In all these cases, sorting will do the right thing.

In [17]:
def group(items):
    """Returns a list of [(count, x)...], highest count first,
    then highest x first."""
    groups = [(items.count(x), x) for x in set(items)]
    return sorted(groups, reverse=True)

This function would allow to rewrite `hands_rank()` in a different and more concise way.

In [18]:
def hand_rank(hand):
    "Return a value indicating how high the hand ranks."
    # We create the groups straight away for each hand.
    groups = (['--23456789TJQKA'.index(r) for r, s in hand])
    counts, ranks = unzip(groups) # Not yet defined.
    if ranks == (14, 5, 4, 3, 2):
        ranks = (5, 4, 3, 2, 1)
    # We check for straights and flushes here, without the need
    # for helper functions
    straight = len(ranks) == 5 and max(ranks) - min(ranks) == 4
    flush = len(set([s for r,s in hand])) == 1
    return (9 if (5,) == counts else
            8 if straight and flush else
            7 if (4, 1) == counts else
            6 if (3, 2) == counts else
            5 if flush else
            4 if straight else
            3 if (3, 1, 1) == counts else
            2 if (2, 2, 1) == counts else
            1 if (2, 1, 1, 1) == counts else
            0), ranks

The `unzip()` function is small but interesting.
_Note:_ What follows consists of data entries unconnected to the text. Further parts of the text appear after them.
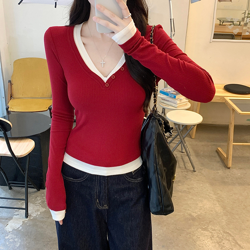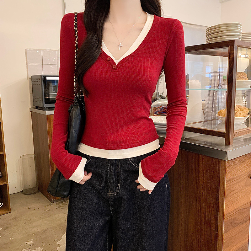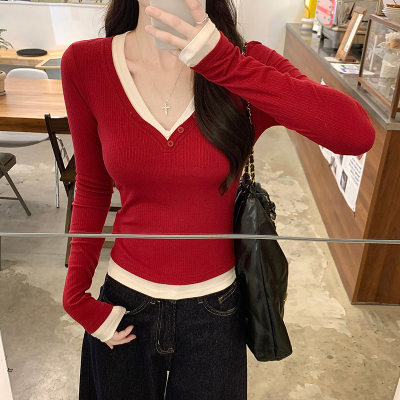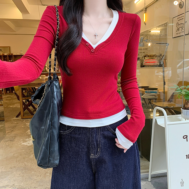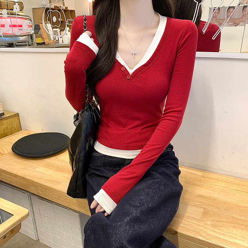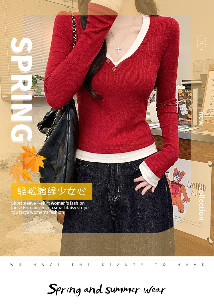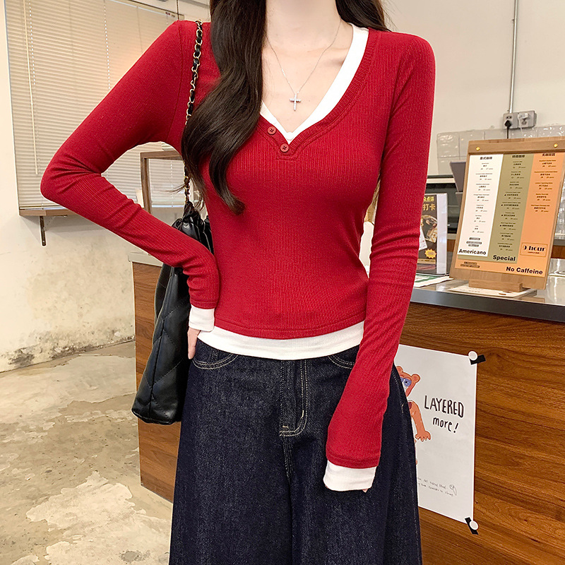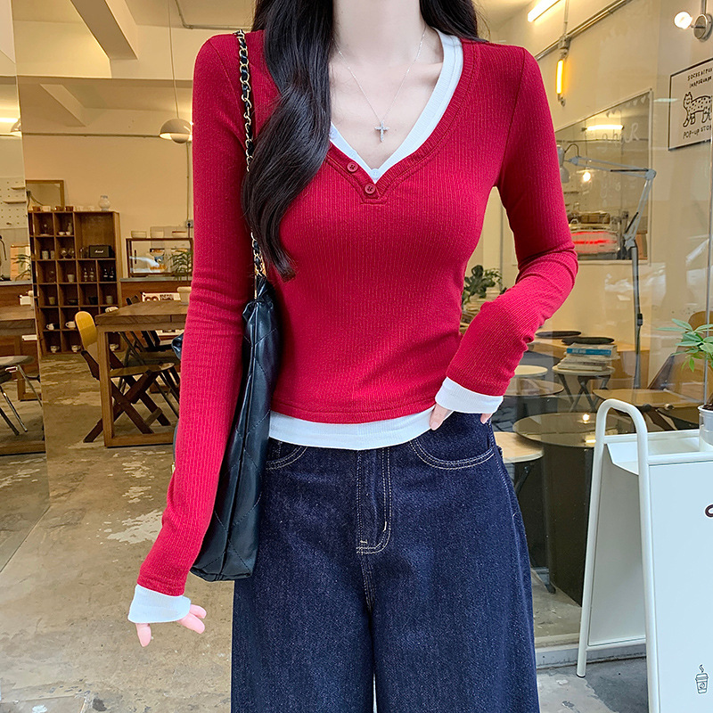 달콤한 스파이스 소녀 빨간 가짜 투피스 스티칭 V 넥 긴팔 티셔츠 여성용 가을과 겨울 디자인 센스 슬림 핏 짧은 이너 탑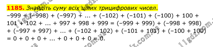 Знайдіть суму всіх цілих трицифрових чисел. –999 + (–998) + (–997) + ... + (–102) + (–101) + (–100) + 100 + 101 + 102 + ... + 997 + 998 + 999 = (–999 + 999) + (–998 + 998) + (–997 + 997) + ... + (–102 + 102) + (–101 + 101) + (–100 + 100) = 0 + 0 + 0 + ... + 0 + 0 + 0 = 0.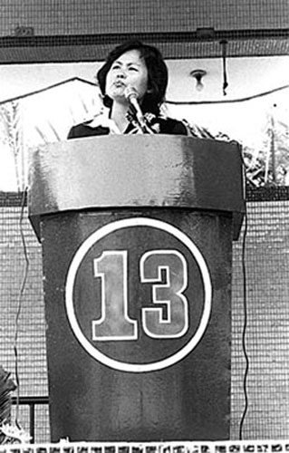 如果沒有家族勢力作后盾,悲情牌就成了女性打入政壇的必勝法寶。1979年“美麗島”事件發(fā)生后,“代夫出征”風(fēng)行一時(shí),當(dāng)時(shí)被國民黨當(dāng)局逮捕且判刑的張俊宏、姚嘉文、林義雄等人,他們的妻子均在各種選舉中高票當(dāng)選。1984年陳水扁因“蓬萊島案”入獄后,妻子吳淑珍也高票當(dāng)選“立委”。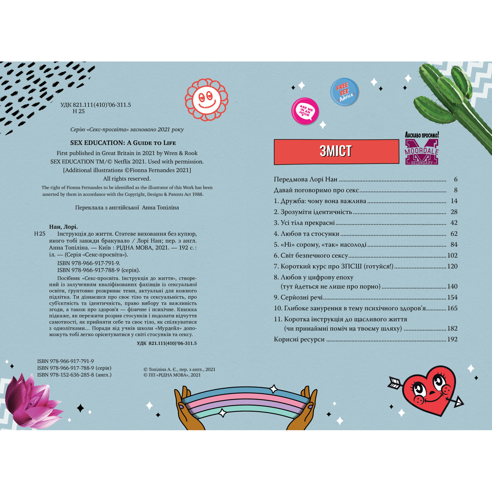 Посібник «Секс-просвіта. Інструкція до життя», створений із залученням кваліфікованих фахівців із сексуальної освіти, ґрунтовно розкриває теми, актуальні для кожного підлітка. Ти дізнаєшся про своє тіло та сексуальність, про суб’єктність та ідентичність, право вибору та важливість згоди, а також про здоров’я — фізичне і психічне. Книжка підкаже, як пережити розрив стосунків і подолати відчуття самотності, як прийняти себе та своє тіло, як спілкуватися з однолітками… Поради від учнів школи «Мурдейл» допоможуть тобі легко орієнтуватися у світі стосунків та сексу.

It pretty much transposes a list of lists or tuples. In our case, for example, we have a list `[(count1, rank1), (count2, rank2), ...]` and we want to assign `[count1, count2,...]` to `counts` and `[rank1, rank2, ...]` to `ranks. This is what this function does.

In [19]:
def unzip(pairs):
    return zip(*pairs)

list(unzip([(1, 2), (3, 4)]))

[(1, 3), (2, 4)]

This new version is not only shorter, but it also highlights the fact that the various hand types are partitions of 5 sorted lexicographically.

## Final refactoring

We can further simplify `hand_rank()`: instead of having a long "case" statement, we can use a dictionary as a lookup table as shown below. Note that the ranking of a straight flush is now 9, but that's OK, as the relative ranking is unchanged. Note also that we have a five-of-a-kind scenario, which is not possible when using a single deck.

In [20]:
count_rankings = {
    (5,): 10,
    (4, 1): 7,
    (3, 2): 6,
    (3, 1, 1): 3,
    (2, 2, 1): 2,
    (2, 1, 1, 1): 1,
    (1, 1, 1, 1, 1): 0
}

def hand_rank(hand):
    "Return a value indicating how high the hand ranks."
    groups = (['--23456789TJQKA'.index(r) for r, s in hand])
    counts, ranks = unzip(groups) # Not yet defined.
    if ranks == (14, 5, 4, 3, 2):
        ranks = (5, 4, 3, 2, 1)
    straight = len(ranks) == 5 and max(ranks) - min(ranks) == 4
    flush = len(set([s for r,s in hand])) == 1
    return max(count_rankings[counts], 4*straight, 5*flush), ranks

## Lessons Learned

1. Understand the problem. Does it make sense? Does it not? Do you need more information? Which parts are obscure or unclear or vague?
2. Define the various "pieces". Figure out everything that needs to be represented in the problem.
3. As much as you can, try to reuse the pieces you have already.
4. Make sure you have tests and run them.
5. Explore the design space. Move across the four dimensions of correctness, efficiency, features, and elegance.